Every few years, and seemingly more often these days, an event will happen that various pundits and commentators declare to be a “Sputnik Moment.” Usually it is tied to the announcement of a country other than the United States reaching some sort of technological milestone or developing a new capability that somehow shows America is “falling behind” or “losing its leadership.” Even when people say something is not a “Sputnik Moment,” the declaration almost always comes with an incorrect understanding of what the original “Sputnik Moment” actually was. Calling something a “Sputnik Moment” without understanding what really happened during the original Sputnik crisis is a bad idea.
The popular myth surrounding the launch of Sputnik is that it was a total surprise and demonstrated that the Soviet space program was pulling ahead of America’s. But the opposite scenario is much closer to the truth. Thanks to the efforts of the Central Intelligence Agency (CIA), President Dwight Eisenhower and his top advisors had a relatively good idea of what the Soviets were up to, based largely on highly classified overflights of the U-2 program. As early as 1955, the CIA provided a series of finished intelligence products, including two separate National Intelligence Estimates, on the Soviet “artificial satellite program.” These estimates included an assessment that a Soviet satellite would probably achieve orbit no later than the end of 1957.
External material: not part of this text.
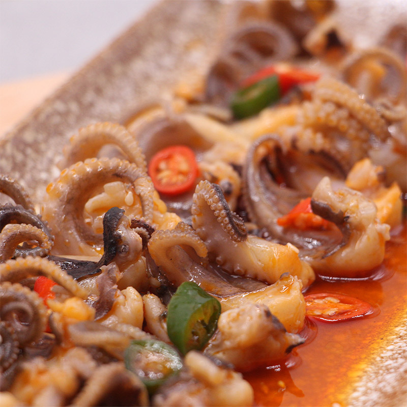 加入辣味章鱼触手,将您的炒菜变成美味佳肴。它们的浓郁风味与蔬菜完美结合,创造出唤醒味蕾的辛辣海鲜混合菜。

At that time, America’s efforts to launch a satellite were on par with, not behind, the Soviet’s. President Eisenhower had a strong desire to push the satellite program under a scientific, peaceful context separate from the military’s highly classified work on intercontinental ballistic missiles to deliver nuclear warheads. In 1955, President Eisenhower chose the U.S. Navy’s Vanguard program to lead the satellite effort instead of the more advanced U.S. Army Redstone program, knowing that Vanguard would take a year longer because the program was less mature. (Mixed up in this was also the interservice rivalry between the Army, Navy, and Air Force over who would first get to the lucrative missile and satellite development programs.) The CIA, among other agencies, argued strongly that there could be significant psychological value and prestige in being the first country to launch a satellite, but President Eisenhower stood firm in his belief that it would have little meaning.
Unfortunately, Eisenhower’s judgment on the psychological value and prestige of orbiting the first satellite was wrong. It turns out that the public and the media, not having much forewarning of where the U.S. and Soviet space programs stood, drew the incorrect conclusion that the Soviets were much further ahead than they actually were. Notably, the Soviets were also caught off guard by the reaction in the U.S. and thus did not have a propaganda campaign ready to go immediately after the launch. Sputnik wasn’t “above the fold” in Pravda the following day, although this was soon corrected after the Soviets saw the hysteria in the United States.
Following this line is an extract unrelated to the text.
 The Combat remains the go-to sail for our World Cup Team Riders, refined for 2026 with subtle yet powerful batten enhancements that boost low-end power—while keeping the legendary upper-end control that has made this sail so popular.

A similar “Sputnik Moment” played out a few years later during the debates about the so-called “missile gap.” A combination of existing fears about Sputnik, an over-hyped Congressional report on the Soviet development of intercontinental ballistic missiles (ICBMs), and opportunistic Democratic candidates in an election year manufactured the myth that the Soviets were ahead of the United States in deploying ICBMs. In reality, it was the United States that had an early lead in ICBM development through the end of the 1960s.
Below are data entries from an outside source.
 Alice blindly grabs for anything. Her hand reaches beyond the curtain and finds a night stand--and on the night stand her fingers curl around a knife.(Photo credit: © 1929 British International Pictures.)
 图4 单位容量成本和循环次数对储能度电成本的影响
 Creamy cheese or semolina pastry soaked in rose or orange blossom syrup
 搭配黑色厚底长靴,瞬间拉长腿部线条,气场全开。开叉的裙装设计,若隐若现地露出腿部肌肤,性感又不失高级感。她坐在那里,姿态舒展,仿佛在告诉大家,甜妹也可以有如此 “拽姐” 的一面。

If anything, the lesson from Sputnik should be more about how secrecy imposes challenges on managing the public’s perception. If the public had access to the information that Eisenhower had, it would have been far more difficult to push the narrative that the U.S. space program was far behind that of the Soviets. Of course, releasing such sensitive intelligence would have come with its own challenges that may have caused other, potentially more serious, complications. There always needs to be a balance struck between how much information is disclosed to manage expectations and how much is kept private to protect sources and methods.
The other lesson is the power of extensive media coverage, or what today we would call “going viral.” Even if the Eisenhower administration had provided more public information, it is unlikely any announcement would have gotten as much widespread coverage as the launch of Sputnik. The launch of the first satellite was the biggest news story of the time and was bound to receive far more coverage than any story about potential progress in the satellite program. The New York Times alone mentioned “Sputnik” in an average of eleven articles per day during the month of October 1957.
Of course, the overreaction to Sputnik also had its (eventual) positive effects. As a result of the massive public outcry, the United States put in place several steps to ensure that it would never be caught by technological surprise again. These included the creation of the Advanced Research Projects Agency—which later became the Defense Advanced Research Projects Agency—as well as the National Aeronautics and Space Administration and the National Defense Education Act, which poured billions of dollars into the U.S. education system and billions more in broad federal investment in research and development. Sputnik also led to the creation of the National Reconnaissance Office, which has pioneered the use of space for intelligence collection since the early 1960s. These, along with other measures, laid the foundation for an era of American technological superiority, particularly in space, that lasted for decades.
In the future, if we insist on declaring a “Sputnik Moment,” let us do so in recognition of what really happened. It should either be used to refer to a situation where the United States is actually ahead in an area of technology but conceals that information from the public, or where the need to create a sensational story will cause the public to overreact and will likely enable the creation of effective public policies and spending programs.